**Records supplied**
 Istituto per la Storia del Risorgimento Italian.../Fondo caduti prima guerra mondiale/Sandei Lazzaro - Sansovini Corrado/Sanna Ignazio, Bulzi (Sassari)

--

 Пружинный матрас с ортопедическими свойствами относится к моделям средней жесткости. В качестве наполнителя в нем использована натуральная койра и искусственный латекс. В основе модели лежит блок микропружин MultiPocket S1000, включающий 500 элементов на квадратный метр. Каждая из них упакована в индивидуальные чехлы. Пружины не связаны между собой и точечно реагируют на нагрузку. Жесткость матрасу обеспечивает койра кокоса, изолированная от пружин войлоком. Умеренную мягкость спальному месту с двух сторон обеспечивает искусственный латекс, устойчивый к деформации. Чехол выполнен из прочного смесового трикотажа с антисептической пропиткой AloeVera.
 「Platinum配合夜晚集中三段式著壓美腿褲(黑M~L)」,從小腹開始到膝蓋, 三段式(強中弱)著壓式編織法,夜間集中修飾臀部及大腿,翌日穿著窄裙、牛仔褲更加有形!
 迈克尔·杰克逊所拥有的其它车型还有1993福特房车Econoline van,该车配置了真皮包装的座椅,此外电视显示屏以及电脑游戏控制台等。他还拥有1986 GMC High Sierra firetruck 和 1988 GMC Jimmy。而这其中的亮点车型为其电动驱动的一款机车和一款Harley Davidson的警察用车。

**Task details**
Your answer should consist solely of the lines above from the line with "Пружинный матрас с" to the line with "GMC Jimmy。而这其中的亮点车型为其电动驱动的一款机车和一款Harley Davidson的警察用车。", both included, reproduced exactly.

**Result of the task**
 Пружинный матрас с ортопедическими свойствами относится к моделям средней жесткости. В качестве наполнителя в нем использована натуральная койра и искусственный латекс. В основе модели лежит блок микропружин MultiPocket S1000, включающий 500 элементов на квадратный метр. Каждая из них упакована в индивидуальные чехлы. Пружины не связаны между собой и точечно реагируют на нагрузку. Жесткость матрасу обеспечивает койра кокоса, изолированная от пружин войлоком. Умеренную мягкость спальному месту с двух сторон обеспечивает искусственный латекс, устойчивый к деформации. Чехол выполнен из прочного смесового трикотажа с антисептической пропиткой AloeVera.
 「Platinum配合夜晚集中三段式著壓美腿褲(黑M~L)」,從小腹開始到膝蓋, 三段式(強中弱)著壓式編織法,夜間集中修飾臀部及大腿,翌日穿著窄裙、牛仔褲更加有形!
 迈克尔·杰克逊所拥有的其它车型还有1993福特房车Econoline van,该车配置了真皮包装的座椅,此外电视显示屏以及电脑游戏控制台等。他还拥有1986 GMC High Sierra firetruck 和 1988 GMC Jimmy。而这其中的亮点车型为其电动驱动的一款机车和一款Harley Davidson的警察用车。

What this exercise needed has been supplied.